--- Data in this exercise Enclosed Below ---

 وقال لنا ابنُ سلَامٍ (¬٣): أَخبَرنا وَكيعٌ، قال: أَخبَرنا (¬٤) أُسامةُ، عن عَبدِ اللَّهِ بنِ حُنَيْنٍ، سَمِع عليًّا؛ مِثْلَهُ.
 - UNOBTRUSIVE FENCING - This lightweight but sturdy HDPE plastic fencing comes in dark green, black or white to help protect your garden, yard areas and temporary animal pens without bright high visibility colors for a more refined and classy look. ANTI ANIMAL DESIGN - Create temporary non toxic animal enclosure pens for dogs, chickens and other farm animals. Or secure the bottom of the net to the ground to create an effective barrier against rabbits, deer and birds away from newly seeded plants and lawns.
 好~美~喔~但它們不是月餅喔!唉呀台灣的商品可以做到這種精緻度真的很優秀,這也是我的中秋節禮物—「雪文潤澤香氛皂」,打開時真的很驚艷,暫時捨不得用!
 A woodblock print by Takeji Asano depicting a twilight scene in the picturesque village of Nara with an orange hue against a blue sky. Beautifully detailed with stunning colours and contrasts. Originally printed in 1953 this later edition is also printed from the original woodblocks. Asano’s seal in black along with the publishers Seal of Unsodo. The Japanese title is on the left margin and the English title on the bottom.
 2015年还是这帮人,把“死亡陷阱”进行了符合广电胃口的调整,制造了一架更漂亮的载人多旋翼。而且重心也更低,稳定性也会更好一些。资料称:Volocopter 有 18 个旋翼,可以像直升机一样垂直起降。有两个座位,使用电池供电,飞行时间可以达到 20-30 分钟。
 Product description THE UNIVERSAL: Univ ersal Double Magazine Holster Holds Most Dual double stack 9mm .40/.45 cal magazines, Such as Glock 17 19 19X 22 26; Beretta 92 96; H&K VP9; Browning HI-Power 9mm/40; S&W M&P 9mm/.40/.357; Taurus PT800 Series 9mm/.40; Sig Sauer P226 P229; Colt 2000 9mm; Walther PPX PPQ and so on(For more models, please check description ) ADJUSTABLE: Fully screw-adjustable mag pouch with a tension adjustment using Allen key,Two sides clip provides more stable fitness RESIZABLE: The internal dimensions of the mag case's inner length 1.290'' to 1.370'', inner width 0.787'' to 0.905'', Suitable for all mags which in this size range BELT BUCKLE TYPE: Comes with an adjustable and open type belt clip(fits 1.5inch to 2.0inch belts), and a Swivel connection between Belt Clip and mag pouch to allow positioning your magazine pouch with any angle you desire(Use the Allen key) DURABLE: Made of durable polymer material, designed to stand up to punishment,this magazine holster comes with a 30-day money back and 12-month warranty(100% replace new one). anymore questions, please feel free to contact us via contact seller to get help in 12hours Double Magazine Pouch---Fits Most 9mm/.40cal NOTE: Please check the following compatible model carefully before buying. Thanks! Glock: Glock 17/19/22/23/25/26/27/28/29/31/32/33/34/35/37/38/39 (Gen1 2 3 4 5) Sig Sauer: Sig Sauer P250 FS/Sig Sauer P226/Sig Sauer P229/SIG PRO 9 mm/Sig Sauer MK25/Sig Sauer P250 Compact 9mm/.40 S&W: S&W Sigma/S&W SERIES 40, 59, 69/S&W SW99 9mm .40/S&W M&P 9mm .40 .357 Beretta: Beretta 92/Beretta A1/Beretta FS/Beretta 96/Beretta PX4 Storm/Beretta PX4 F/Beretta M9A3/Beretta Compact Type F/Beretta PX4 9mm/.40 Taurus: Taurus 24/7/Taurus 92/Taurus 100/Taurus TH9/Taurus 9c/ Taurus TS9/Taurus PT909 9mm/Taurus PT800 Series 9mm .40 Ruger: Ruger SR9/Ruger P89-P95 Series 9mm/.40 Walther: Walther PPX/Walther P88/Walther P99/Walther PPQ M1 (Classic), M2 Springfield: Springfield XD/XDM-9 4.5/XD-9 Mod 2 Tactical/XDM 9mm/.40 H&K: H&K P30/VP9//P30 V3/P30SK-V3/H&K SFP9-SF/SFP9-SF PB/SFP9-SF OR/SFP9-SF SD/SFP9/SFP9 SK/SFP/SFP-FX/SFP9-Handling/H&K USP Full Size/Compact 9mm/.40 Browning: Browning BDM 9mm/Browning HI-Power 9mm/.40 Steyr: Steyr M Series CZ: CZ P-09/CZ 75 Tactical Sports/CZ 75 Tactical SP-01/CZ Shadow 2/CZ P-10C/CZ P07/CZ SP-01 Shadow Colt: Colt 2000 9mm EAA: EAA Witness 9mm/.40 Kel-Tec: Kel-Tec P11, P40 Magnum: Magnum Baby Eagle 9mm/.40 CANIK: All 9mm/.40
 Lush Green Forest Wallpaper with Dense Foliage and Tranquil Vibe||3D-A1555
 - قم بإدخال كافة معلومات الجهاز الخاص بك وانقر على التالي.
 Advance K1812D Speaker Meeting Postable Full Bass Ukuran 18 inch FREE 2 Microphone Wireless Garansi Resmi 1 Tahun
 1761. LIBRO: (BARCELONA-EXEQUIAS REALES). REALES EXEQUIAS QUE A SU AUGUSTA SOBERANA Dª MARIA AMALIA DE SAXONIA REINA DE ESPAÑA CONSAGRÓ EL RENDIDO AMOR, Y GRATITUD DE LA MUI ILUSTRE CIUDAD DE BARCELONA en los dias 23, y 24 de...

--- End of Enclosed Data in this exercise ---

**Try it**
From the first line above through the line that contains "个旋翼,可以像直升机一样垂直起降。有两个座位,使用电池供电,飞行时间可以达到 20-30 分钟。", quote each line exactly. Output nothing more.

**Exercise result**
 وقال لنا ابنُ سلَامٍ (¬٣): أَخبَرنا وَكيعٌ، قال: أَخبَرنا (¬٤) أُسامةُ، عن عَبدِ اللَّهِ بنِ حُنَيْنٍ، سَمِع عليًّا؛ مِثْلَهُ.
 - UNOBTRUSIVE FENCING - This lightweight but sturdy HDPE plastic fencing comes in dark green, black or white to help protect your garden, yard areas and temporary animal pens without bright high visibility colors for a more refined and classy look. ANTI ANIMAL DESIGN - Create temporary non toxic animal enclosure pens for dogs, chickens and other farm animals. Or secure the bottom of the net to the ground to create an effective barrier against rabbits, deer and birds away from newly seeded plants and lawns.
 好~美~喔~但它們不是月餅喔!唉呀台灣的商品可以做到這種精緻度真的很優秀,這也是我的中秋節禮物—「雪文潤澤香氛皂」,打開時真的很驚艷,暫時捨不得用!
 A woodblock print by Takeji Asano depicting a twilight scene in the picturesque village of Nara with an orange hue against a blue sky. Beautifully detailed with stunning colours and contrasts. Originally printed in 1953 this later edition is also printed from the original woodblocks. Asano’s seal in black along with the publishers Seal of Unsodo. The Japanese title is on the left margin and the English title on the bottom.
 2015年还是这帮人,把“死亡陷阱”进行了符合广电胃口的调整,制造了一架更漂亮的载人多旋翼。而且重心也更低,稳定性也会更好一些。资料称:Volocopter 有 18 个旋翼,可以像直升机一样垂直起降。有两个座位,使用电池供电,飞行时间可以达到 20-30 分钟。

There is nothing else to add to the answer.